··· DATA FOR PROCESSING
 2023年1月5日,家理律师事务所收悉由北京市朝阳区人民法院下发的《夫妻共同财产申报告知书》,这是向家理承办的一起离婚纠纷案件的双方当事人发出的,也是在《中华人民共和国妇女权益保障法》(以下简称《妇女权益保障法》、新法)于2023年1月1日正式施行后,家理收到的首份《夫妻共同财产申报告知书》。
······
··· DATA FOR PROCESSING
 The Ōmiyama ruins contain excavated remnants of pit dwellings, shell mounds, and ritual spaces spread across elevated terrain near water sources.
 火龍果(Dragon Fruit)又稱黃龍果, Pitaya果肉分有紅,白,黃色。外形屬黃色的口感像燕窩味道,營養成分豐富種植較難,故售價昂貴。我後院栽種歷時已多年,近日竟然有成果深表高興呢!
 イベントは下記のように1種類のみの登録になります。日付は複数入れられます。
······
* WHAT NEEDS TO BE DONE: Precisely the lines between those holding "The Ōmiyama ruins" and "イベントは下記のように1種類のみの登録になります。日付は複数入れられます。", inclusive, are to be reproduced from the listing above, with nothing added.

* RESULT OF THIS TASK:
 The Ōmiyama ruins contain excavated remnants of pit dwellings, shell mounds, and ritual spaces spread across elevated terrain near water sources.
 火龍果(Dragon Fruit)又稱黃龍果, Pitaya果肉分有紅,白,黃色。外形屬黃色的口感像燕窩味道,營養成分豐富種植較難,故售價昂貴。我後院栽種歷時已多年,近日竟然有成果深表高興呢!
 イベントは下記のように1種類のみの登録になります。日付は複数入れられます。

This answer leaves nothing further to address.